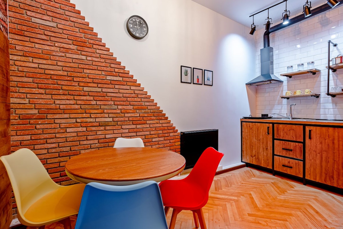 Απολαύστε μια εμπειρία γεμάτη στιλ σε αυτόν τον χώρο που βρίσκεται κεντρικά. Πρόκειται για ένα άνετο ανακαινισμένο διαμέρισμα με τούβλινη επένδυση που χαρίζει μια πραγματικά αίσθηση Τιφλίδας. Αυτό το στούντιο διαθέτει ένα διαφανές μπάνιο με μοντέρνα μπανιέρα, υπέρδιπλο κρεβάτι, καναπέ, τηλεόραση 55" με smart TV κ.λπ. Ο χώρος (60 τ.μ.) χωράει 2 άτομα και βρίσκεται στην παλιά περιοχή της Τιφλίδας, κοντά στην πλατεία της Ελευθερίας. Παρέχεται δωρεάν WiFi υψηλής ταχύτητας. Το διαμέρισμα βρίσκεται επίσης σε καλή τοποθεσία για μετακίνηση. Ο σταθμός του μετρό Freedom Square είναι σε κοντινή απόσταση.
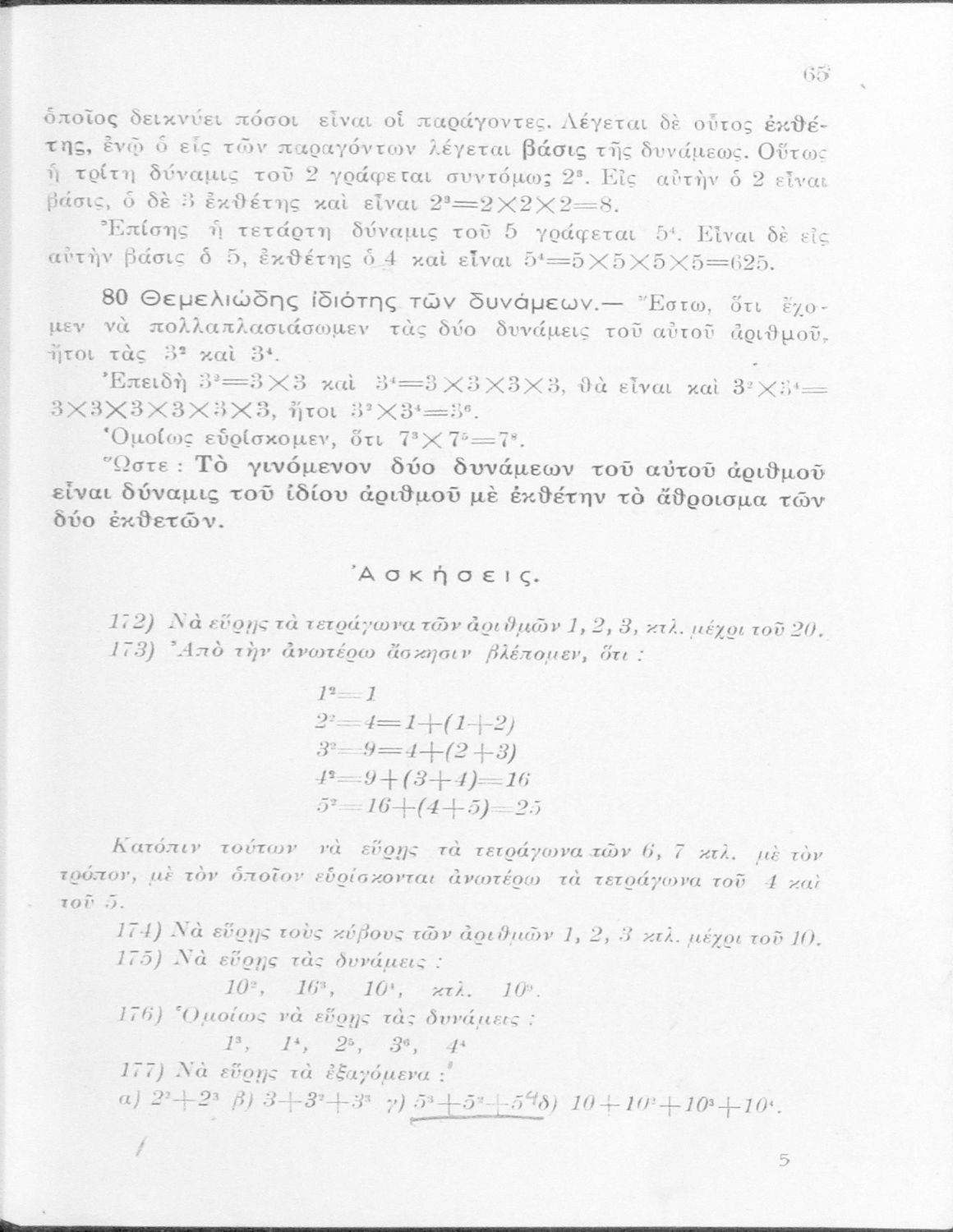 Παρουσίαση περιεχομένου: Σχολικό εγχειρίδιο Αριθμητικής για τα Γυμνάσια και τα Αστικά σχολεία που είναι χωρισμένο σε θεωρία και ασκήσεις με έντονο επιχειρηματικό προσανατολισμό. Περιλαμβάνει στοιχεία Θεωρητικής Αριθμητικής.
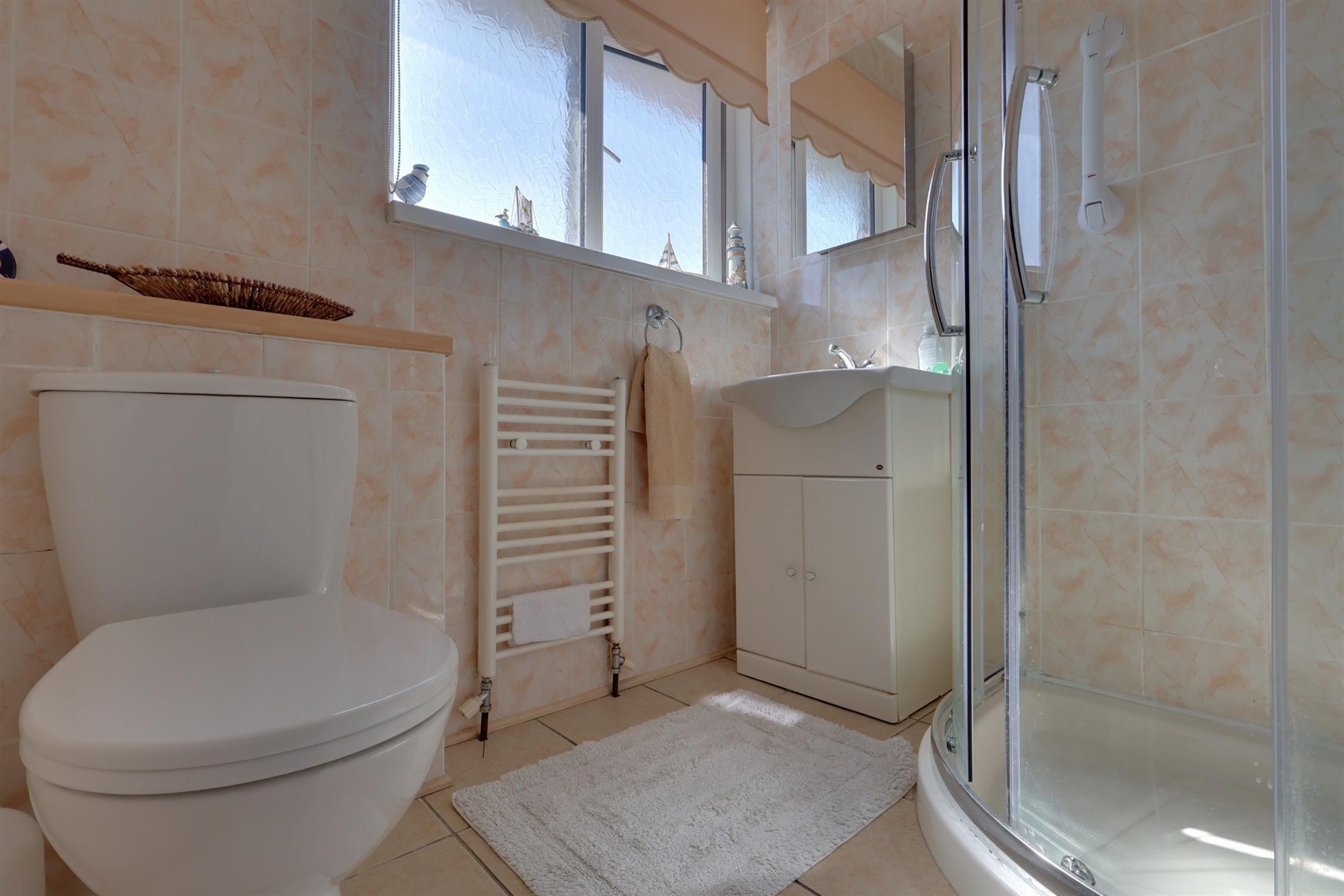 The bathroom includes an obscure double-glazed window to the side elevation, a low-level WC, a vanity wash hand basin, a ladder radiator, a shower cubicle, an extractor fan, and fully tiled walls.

------------------------------------------------------------------------

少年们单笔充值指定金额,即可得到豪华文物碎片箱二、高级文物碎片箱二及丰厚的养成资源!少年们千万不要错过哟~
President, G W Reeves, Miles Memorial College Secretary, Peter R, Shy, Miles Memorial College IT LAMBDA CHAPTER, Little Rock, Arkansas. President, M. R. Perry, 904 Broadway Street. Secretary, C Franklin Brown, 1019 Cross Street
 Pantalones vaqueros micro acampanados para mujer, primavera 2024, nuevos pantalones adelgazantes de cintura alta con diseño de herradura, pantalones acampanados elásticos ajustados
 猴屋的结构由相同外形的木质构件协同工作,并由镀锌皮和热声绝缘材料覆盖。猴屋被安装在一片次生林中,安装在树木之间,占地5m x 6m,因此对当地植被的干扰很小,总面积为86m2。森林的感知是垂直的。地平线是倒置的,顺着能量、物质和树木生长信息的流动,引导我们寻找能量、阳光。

------------------------------------------------------------------------

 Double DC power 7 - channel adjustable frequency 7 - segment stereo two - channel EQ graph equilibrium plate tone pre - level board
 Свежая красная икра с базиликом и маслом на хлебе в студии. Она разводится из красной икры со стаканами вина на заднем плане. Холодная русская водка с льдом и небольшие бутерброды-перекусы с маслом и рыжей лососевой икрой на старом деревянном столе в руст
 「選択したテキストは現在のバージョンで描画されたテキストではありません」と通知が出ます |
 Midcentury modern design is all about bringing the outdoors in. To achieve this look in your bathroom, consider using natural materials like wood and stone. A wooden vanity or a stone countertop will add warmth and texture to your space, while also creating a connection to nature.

------------------------------------------------------------------------

**Aim of the task:** Leave the pictures out, and transcribe exactly the lines above starting at the one that contains "Απολαύστε μια εμπειρία" and ending at the one that contains "Παρουσίαση περιεχομένου: Σχολικό".

**Result for this exercise:**
 Απολαύστε μια εμπειρία γεμάτη στιλ σε αυτόν τον χώρο που βρίσκεται κεντρικά. Πρόκειται για ένα άνετο ανακαινισμένο διαμέρισμα με τούβλινη επένδυση που χαρίζει μια πραγματικά αίσθηση Τιφλίδας. Αυτό το στούντιο διαθέτει ένα διαφανές μπάνιο με μοντέρνα μπανιέρα, υπέρδιπλο κρεβάτι, καναπέ, τηλεόραση 55" με smart TV κ.λπ. Ο χώρος (60 τ.μ.) χωράει 2 άτομα και βρίσκεται στην παλιά περιοχή της Τιφλίδας, κοντά στην πλατεία της Ελευθερίας. Παρέχεται δωρεάν WiFi υψηλής ταχύτητας. Το διαμέρισμα βρίσκεται επίσης σε καλή τοποθεσία για μετακίνηση. Ο σταθμός του μετρό Freedom Square είναι σε κοντινή απόσταση.
 Παρουσίαση περιεχομένου: Σχολικό εγχειρίδιο Αριθμητικής για τα Γυμνάσια και τα Αστικά σχολεία που είναι χωρισμένο σε θεωρία και ασκήσεις με έντονο επιχειρηματικό προσανατολισμό. Περιλαμβάνει στοιχεία Θεωρητικής Αριθμητικής.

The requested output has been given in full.